Thank you for clarifying.

But can I say that the mrDMD cannot handle predictions? (the dmd_time is a copy of original_time)


The solution that I propose in this PR is to limit the maximum level such that the bins at the topmost level are composed of at least 4 snapshots.

# Redefine max level if it is too big.
lvl_threshold = int(np.log(self._snapshots.shape[1]/4.)/np.log(2.))
if self.max_level > lvl_threshold:
    self.max_level = lvl_threshold
    print('Too many levels. Redefining `max_level` to {}'.format(self.max_level))

Also, I ensured that the minimum admissible step was 1, since slice step cannot be zero:
step = max(1, int(np.floor(old_div(n_samples, nyq))))

The reason for doing that is because (and please, correct me if I am wrong):

In the original code (I mean before this proposed commit), as we go to higher resolution levels the n_samples decreases up to a point when the n_samples/nyq becomes < 1. At this point, the step variable becomes zero, causing a ValueError to be raised in Xsub = Xraw[:, ::step]. So the code goes to the exception block and sets the DMD variables (modes, eigenvalues, etc) of that bin as zero.

This approach solves for the zero slice step in Xsub = Xraw[:, ::step], but when one tries to reconstruct the dynamics, these zero-valued bins are included in the computation and cause a division by zero error.
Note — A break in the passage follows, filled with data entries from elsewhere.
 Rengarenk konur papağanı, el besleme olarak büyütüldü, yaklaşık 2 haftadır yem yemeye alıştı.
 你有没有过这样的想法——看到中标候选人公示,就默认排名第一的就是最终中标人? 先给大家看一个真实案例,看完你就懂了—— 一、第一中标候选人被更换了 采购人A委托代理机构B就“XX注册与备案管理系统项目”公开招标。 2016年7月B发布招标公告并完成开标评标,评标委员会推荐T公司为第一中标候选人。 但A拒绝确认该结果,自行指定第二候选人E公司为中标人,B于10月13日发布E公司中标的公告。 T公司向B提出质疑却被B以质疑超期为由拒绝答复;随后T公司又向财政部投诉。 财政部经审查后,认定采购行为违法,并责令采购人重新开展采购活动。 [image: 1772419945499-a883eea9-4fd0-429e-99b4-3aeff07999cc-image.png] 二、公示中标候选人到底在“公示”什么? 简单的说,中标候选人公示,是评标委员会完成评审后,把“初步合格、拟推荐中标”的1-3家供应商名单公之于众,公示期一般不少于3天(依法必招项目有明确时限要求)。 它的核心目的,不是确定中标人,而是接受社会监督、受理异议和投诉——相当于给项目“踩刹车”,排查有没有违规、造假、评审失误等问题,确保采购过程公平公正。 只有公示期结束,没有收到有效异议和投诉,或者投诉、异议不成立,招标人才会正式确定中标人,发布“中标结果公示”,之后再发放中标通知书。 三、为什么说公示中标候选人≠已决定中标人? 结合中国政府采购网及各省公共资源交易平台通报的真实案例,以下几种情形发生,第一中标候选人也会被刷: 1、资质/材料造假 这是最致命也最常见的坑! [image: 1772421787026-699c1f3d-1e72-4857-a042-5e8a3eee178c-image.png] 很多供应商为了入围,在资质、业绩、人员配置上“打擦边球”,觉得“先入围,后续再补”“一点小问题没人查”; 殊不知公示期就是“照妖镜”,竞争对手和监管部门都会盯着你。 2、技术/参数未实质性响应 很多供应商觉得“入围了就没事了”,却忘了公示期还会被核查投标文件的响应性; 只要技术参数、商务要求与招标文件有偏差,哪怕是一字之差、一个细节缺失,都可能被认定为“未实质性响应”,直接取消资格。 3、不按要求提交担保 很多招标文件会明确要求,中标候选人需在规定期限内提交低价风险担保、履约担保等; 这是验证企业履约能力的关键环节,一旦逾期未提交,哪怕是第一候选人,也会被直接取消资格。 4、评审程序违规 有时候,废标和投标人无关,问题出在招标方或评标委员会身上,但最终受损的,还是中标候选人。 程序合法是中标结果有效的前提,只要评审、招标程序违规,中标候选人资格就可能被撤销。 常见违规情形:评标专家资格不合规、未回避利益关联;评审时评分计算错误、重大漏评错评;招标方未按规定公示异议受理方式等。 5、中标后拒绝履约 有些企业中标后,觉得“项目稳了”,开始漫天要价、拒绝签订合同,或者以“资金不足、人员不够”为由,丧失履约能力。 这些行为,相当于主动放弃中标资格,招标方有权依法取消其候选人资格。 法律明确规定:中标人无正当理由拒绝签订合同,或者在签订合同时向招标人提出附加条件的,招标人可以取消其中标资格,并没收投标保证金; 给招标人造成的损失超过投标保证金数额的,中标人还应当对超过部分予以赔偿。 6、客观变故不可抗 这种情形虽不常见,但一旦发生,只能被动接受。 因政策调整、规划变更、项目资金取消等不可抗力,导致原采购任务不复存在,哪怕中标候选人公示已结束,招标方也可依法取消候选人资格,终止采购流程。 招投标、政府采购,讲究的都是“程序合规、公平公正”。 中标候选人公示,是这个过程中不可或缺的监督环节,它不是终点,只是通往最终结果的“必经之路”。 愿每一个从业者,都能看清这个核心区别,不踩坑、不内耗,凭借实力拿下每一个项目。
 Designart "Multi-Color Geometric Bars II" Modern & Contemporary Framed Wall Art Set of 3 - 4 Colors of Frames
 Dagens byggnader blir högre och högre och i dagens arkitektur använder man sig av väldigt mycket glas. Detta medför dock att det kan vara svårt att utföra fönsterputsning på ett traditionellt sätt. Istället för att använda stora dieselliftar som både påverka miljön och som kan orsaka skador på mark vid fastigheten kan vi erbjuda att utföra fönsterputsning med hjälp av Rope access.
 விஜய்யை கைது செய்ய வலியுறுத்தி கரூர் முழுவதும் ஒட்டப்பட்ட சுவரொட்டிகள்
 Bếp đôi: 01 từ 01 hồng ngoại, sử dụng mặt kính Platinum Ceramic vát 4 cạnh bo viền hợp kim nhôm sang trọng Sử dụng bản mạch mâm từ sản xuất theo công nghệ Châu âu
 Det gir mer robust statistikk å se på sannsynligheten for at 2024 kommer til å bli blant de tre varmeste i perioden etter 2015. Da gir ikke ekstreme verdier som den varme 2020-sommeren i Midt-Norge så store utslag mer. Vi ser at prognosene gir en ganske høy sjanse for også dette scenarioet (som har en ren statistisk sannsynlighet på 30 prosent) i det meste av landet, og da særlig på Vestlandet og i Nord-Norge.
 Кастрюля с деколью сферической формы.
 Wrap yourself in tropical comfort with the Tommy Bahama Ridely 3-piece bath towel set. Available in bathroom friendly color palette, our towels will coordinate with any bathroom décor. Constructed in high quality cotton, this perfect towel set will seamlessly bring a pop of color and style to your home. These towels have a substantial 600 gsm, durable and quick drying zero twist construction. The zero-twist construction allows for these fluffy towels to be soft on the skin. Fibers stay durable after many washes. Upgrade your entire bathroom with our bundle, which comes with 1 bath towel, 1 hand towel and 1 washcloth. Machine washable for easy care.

To my understanding, the try:..except blocks were added to solve this step problem. However, I didn't understand what exactly did you mean by the try:...except to be related to the step being large to fit a window. For example, the code below gives no errors:

a = np.arange(10)

print( a[::7] )  # Out: array([0, 7])
print( a[::25] ) # Out: array([0])

Please, let me know if you agree with that or if my conclusions are wrong.